* _INFORMATION GIVEN_
────────────────────────────────────────
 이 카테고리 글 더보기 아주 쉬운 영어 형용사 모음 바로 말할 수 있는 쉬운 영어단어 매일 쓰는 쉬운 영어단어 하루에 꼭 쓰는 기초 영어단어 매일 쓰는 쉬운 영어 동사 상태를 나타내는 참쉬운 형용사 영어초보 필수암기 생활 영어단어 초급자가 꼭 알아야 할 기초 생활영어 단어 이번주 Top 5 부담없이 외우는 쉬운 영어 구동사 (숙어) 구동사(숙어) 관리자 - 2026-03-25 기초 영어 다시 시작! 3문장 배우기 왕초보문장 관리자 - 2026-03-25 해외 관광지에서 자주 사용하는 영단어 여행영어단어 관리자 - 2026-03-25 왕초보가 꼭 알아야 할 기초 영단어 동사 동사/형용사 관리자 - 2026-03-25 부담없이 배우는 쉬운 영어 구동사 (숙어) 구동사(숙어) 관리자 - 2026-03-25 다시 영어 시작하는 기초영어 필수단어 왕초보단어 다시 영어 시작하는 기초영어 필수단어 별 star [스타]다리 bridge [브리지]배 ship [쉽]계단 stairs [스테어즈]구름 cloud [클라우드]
────────────────────────────────────────
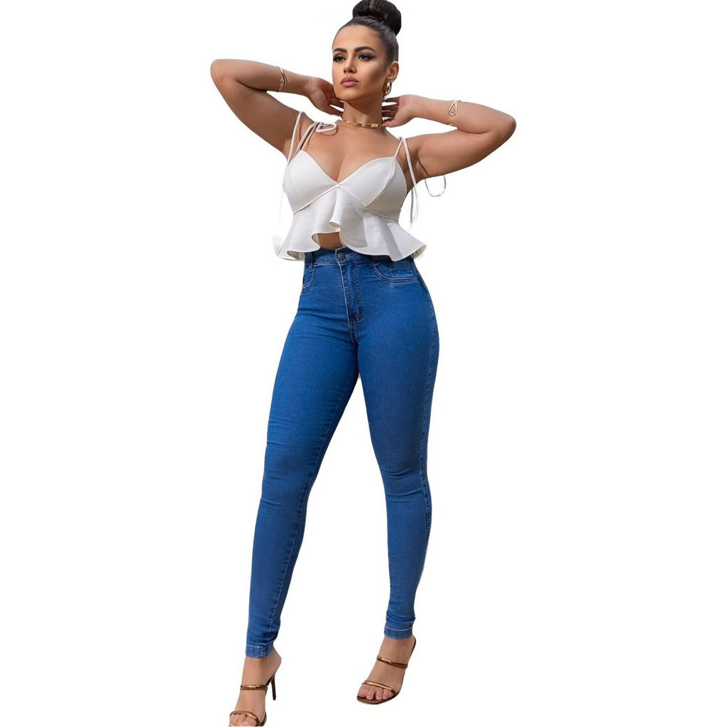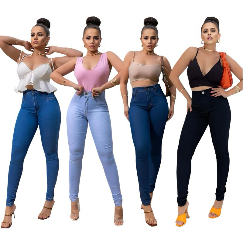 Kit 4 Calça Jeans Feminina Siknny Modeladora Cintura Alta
────────────────────────────────────────
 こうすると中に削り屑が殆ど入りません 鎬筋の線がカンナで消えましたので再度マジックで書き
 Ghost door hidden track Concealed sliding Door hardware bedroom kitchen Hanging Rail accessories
────────────────────────────────────────
* _EXERCISE REQUIREMENTS_
Copy the lines of the data above exactly as written, beginning with the line containing "こうすると中に削り屑が殆ど入" and ending with the line containing "Ghost door hidden", and leave out all other lines.

* _ANSWER TO THIS PROBLEM_
 こうすると中に削り屑が殆ど入りません 鎬筋の線がカンナで消えましたので再度マジックで書き
 Ghost door hidden track Concealed sliding Door hardware bedroom kitchen Hanging Rail accessories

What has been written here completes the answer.